А вот мне он был родным. И Селене тоже. Думается, моя хорошая девочка еще долго продолжала в нем жить и когда отрясла прах Литл-Толла со своих ног; думается, она жила здесь в своих воспоминаниях… в своем сердце… в своих снах. В своих кошмарах.
Душный этот запах… Если уж он появился, от него не избавиться.
Я села у открытого окна, чтоб пока надышаться через нос свежим морским бризом, потом мне не по себе стало, и я решила запереть двери. С парадной хлопот не было, а вот щеколда на задней никак не поворачивалась, и под конец я заложила туда комбинированной смазки. Ну и повернула, а потом сообразила, в чем было дело – просто заржавела. Я иногда от Веры по пять-шесть дней не уходила. Ну да я даже вспомнить не могла, когда в последний раз дом запирала.
От мыслей этих я совсем ослабла. Пошла в спальню, легла, а голову подушкой накрыла, как в детстве, когда меня в наказание рано спать укладывали. И тут я заплакала, и плакала, и плакала. Никогда б не поверила, что у меня столько слез нашлось. Плакала я из-за Веры, и Селены, и Малыша Пита. Пожалуй, даже из-за Джо. Но больше всего я по себе плакала. Плакала, пока мне нос совсем не заложило и икота началась. Под конец я заснула.
Проснулась – вокруг темно и телефон звонит. Встала и ощупью в гостиную прошла трубку взять. Только сказала «алло», и кто-то – какая-то женщина говорит: «Тебе ее убийство даром не пройдет. Так и заруби у себя на носу. Если закон до тебя не доберется, мы не спустим. Не такая уж ты умная, как воображаешь. Мы здесь рядом с убийцами жить не обязаны, Долорес Клейборн, и не будем, пока еще есть на острове добрые христиане, которые такого не позволят».

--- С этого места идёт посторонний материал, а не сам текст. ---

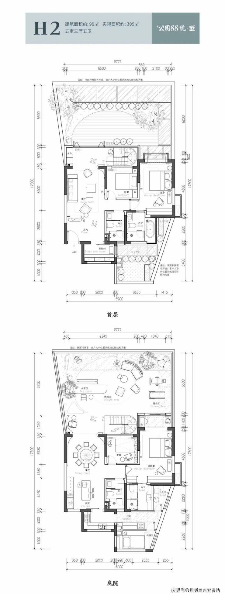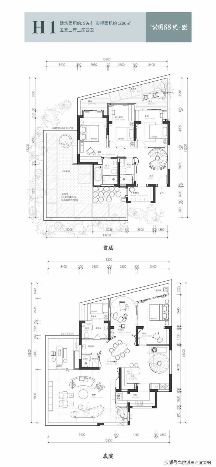 双庭院 双主卧套房设计

У меня в голове такой туман стоял, что мне померещилось, будто я сон такой вижу. А когда сообразила, что все наяву, она уже трубку повесила. Я было на кухню пошла, думала кофе согреть либо пива взять из холодильника, как телефон опять зазвонил. И опять женщина, только другая. Чуть у нее изо рта всякая мерзость хлынула, я трубку положила. И опять мне плакать захотелось, но я подумала: ну уж нет! А просто выдернула телефонный шнур из розетки и пошла на кухню пиво взять. Только вкус его мне не пришелся, и я почти всю банку в раковину вылила. Думается, немножко шотландского виски я бы выпила, да только после смерти Джо я в доме спиртного не держала.
Налила себе стакан воды, но от ее запаха мне тошно стало – от нее несло, как от монет, которые какой-нибудь мальчишка весь день в потном кулаке зажимал. Запах этот напомнил ту ночь в ежевике – как порыв ветерка пахнул точно так же, и тогда мне вспомнилась девочка с розовой помадой на губах и в красно-желтом платьице. И еще я вспомнила, как мне в голову пришло, что у женщины, которой она стала, случилась какая-то беда. И я стала раздумывать, что с ней и где она, а вот есть ли она, про это я не думала, понимаете? Я просто знала, что она была. И есть. Никогда в этом не сомневалась.
Ну не важно. У меня опять мысли блуждают, а язык за ними плетется, будто слепой за поводырем. Я только хотела сказать, что вода из-под кухонного крана пришлась мне не лучше самого отличного изделия мистера Будвейсера, – даже пара ледяных кубиков медный привкус не уничтожила, – и кончилось тем, что я села смотреть дурацкое комическое шоу и запивала его «Гавайским пуншем» – я в холодильнике запас держу для близнецов Джо Младшего. Разогрела замороженный обед, но мне ничего в рот не лезло, и я соскребла его в помойное ведро. Достала еще один «Гавайский пунш» и ушла с ним в гостиную к телевизору. Начали другое шоу показывать, только я никакой разницы не заметила. Может, потому, что ничего толком не слушала.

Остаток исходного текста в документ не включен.